*Dataset extract*
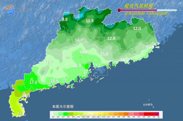 下周一(9 早晨气温达到最低水平,粤北部分县市有 5 低温约为℃。
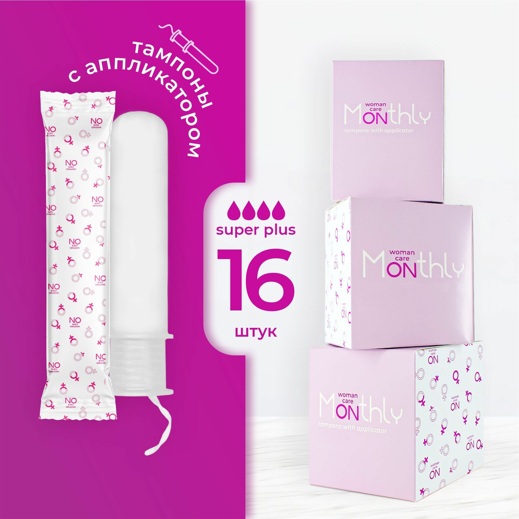 Тампоны женские гигиенические Monthly Compact Super plus с аппликатором, 16 шт информация:
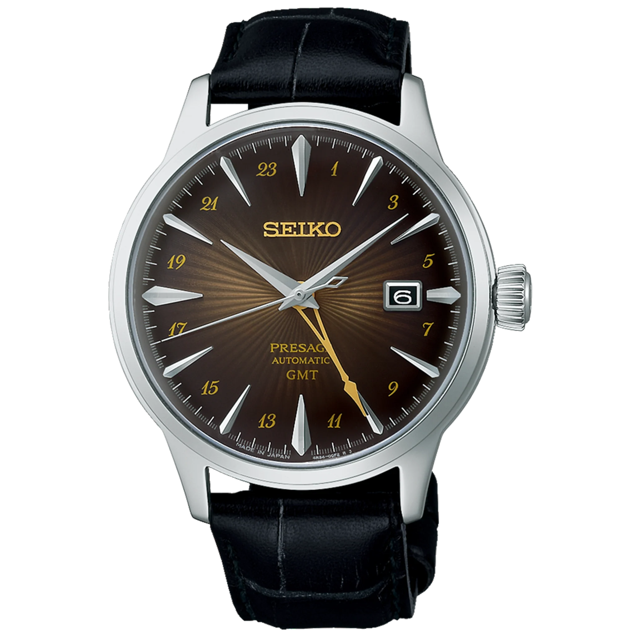 La Seiko Presage SSK039J1 est une montre automatique GMT inspirée du célèbre cocktail “Rusty Nail”, un mélange raffiné de scotch, Drambuie et zeste de citron servi au légendaire Star Bar de Ginza, à Tokyo.

*Work task*
Write out verbatim the lines from the one containing "Тампоны женские гигиенические" through the last line of the listing above, and no other lines; omit pictures.

*Result of this task*
 Тампоны женские гигиенические Monthly Compact Super plus с аппликатором, 16 шт информация:
 La Seiko Presage SSK039J1 est une montre automatique GMT inspirée du célèbre cocktail “Rusty Nail”, un mélange raffiné de scotch, Drambuie et zeste de citron servi au légendaire Star Bar de Ginza, à Tokyo.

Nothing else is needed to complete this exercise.